Jokes aside, I have paid for Google’s music service since it launched (RIP Play Music), but I am a millisecond away from canceling my subscription because Google does not provide me with any way to randomize playlists. I don’t mean shuffle play. That shit is broken and always has been. It would not be a big deal if I could randomize my playlists on demand, but no.
Pure randomness isn’t great for music playlists. The algo needs to account for recency so you don’t hear the same some 6 times in a row. Technically still random but no one wants that.

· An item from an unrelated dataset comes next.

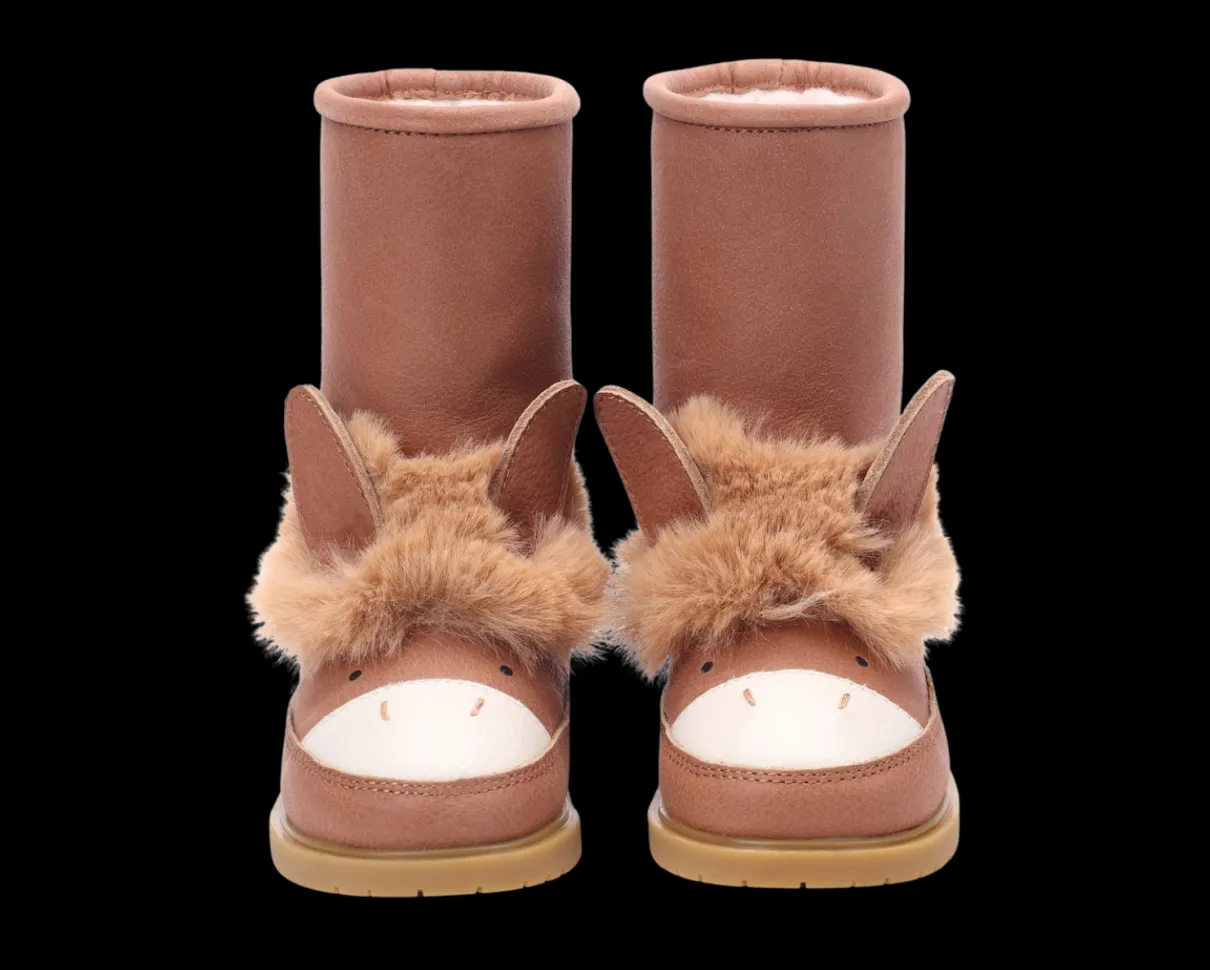 Looking re-donk-ulously good! They are instanly recognizable thanks to the exclusive design. The leather boots are lined with shearling, have a sturdy outsole and are a real eye-catcher. Children can easily slip their feet in and they stay in place nicely during walking, running and playing. The boots fit true to size, but in case of doubt we recommend to choose one size larger. Bring it on winter!

That’s the difference between randomizing a playlist and shuffle play. If you randomize a playlist, the songs will never repeat unless you have them in the list twice. YouTube Music’s shuffle play often plays the same twenty songs over and over out of a playlist with over six hundred songs.
The people who are stealing our movies and our television shows and operating piracy sites are not mom and pop operations,” says Charlie Rivkin, chief executive officer of the MPA, who adds that some of the operators also engage in drug trafficking, child pornography, prostitution and money laundering. “This is organized crime.”

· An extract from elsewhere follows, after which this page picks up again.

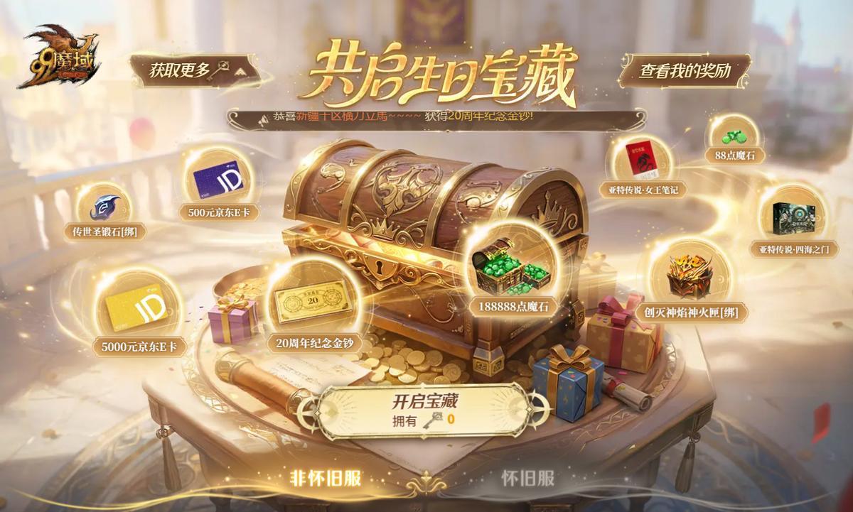 作爲本次317品牌日慶典的重頭戲,“生日寶藏”無疑是硬核寵粉的巔峯。活動截止前,每位玩家仍有機會使用“生日寶藏鑰匙”,開啓這座蘊藏着全球限量20週年紀念金鈔的終極寶庫。這不僅是真金白銀的實物獎勵,更是對二十年熱血的最高致敬。此外,寶藏內還藏着海量遊戲內豪禮,如高達188888點的魔石、創滅神焰神火匣【綁】等,每一份都價值連城。

I like how they always have to fabricate a connection to organized crime. Trying to convince the reader that is not just copyright infringement.
Hollywood was founded on IP theft of European filmmakers’ work and funded by various mobs, which then went on to lobby (bribe) politicians into changing certain regulations on gambling in AZ, et al, to pave the way for Vegas and the like.

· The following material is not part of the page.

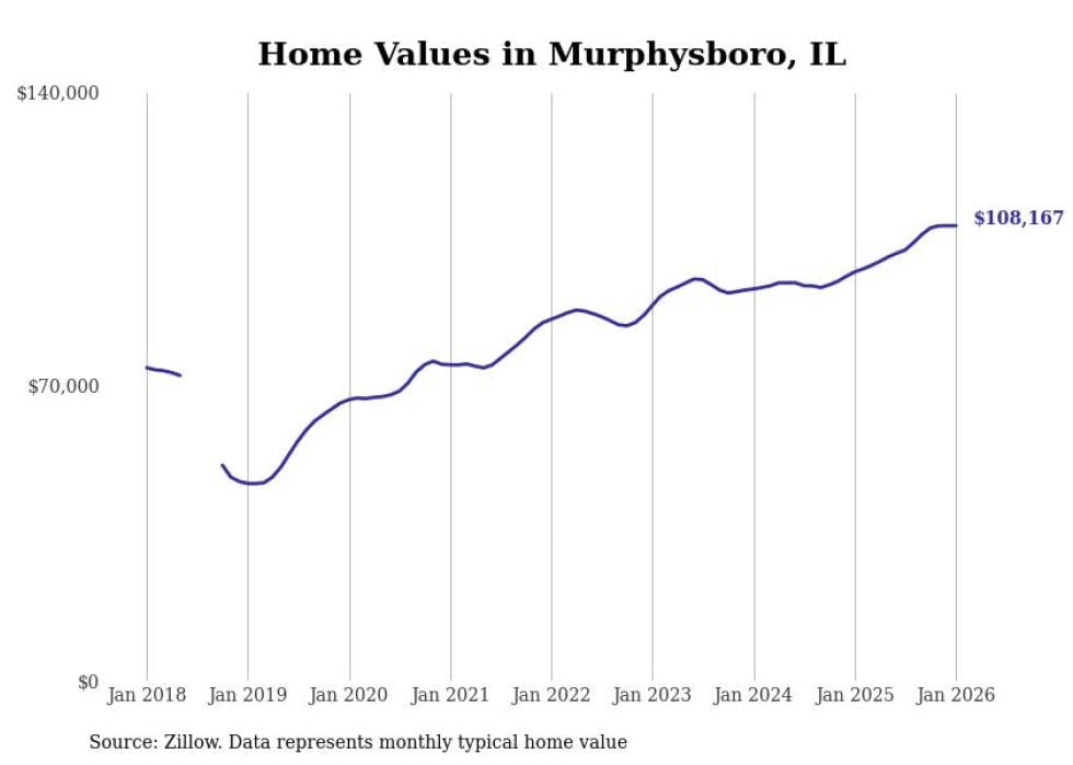 Stacker compiled a list of cities with the most expensive homes in the Carbondale metro area using data from Zillow. Charts show the monthly typical home value since January 2018. All 28 cities and towns with data available were included in the list.

I just spent like an hour trying several methods to install this on Android, sadly I was not successful. If anyone can inform me on how to install this on Firefox for Android (not a fork), please let me know.
Is this talking about stuff like private torrent trackers and Usenet providers, or are there more Netflix-like things out there that people are paying for?
So Hollywood copyright lawyers will target illegal subscription services rather than individual downloaders? Fine by me.
I can understand paying for a legal streaming service where at least a tiny percentage of profits goes into producing new material. I pirate out of convenience and availability, because movies and series aren’t released immediately in my region.
Paying somebody for streaming film and TV shows that they have no hand in producing, and thus not supporting new productions — same as I can download for free myself? — that makes no sense to me.
If someone makes it so I can stream all the shows and all the movies and such in one convenient place, without having to find them myself, hunt down the right versions, etc, I’m good with paying them for that.
It’d be better if it was from a legal service, but as long as exclusives are allowed that can’t happen. If the owners of the content were required to allow anyone who wants to distribute it to do so, at the same cost with no special deals for one distributor over another, then every streaming service could have everything, if they choose. They could then compete on quality of service and which content they choose to have, not on what content they can lock down for themselves alone.
Paying somebody for streaming film and TV shows that they have no hand in producing, and thus not supporting new productions — same as I can download for free myself? — that makes no sense to me
It makes sense for me. The one i’m using is $20 per year. I just think of it as convenience fee. It has netflix features but for all movies and tv shows.
And like I said, I get convenience/availability. I guess paying for stolen goods is one step too far for me. Like, “Dude, pass it around, but it’s not yours to sell”.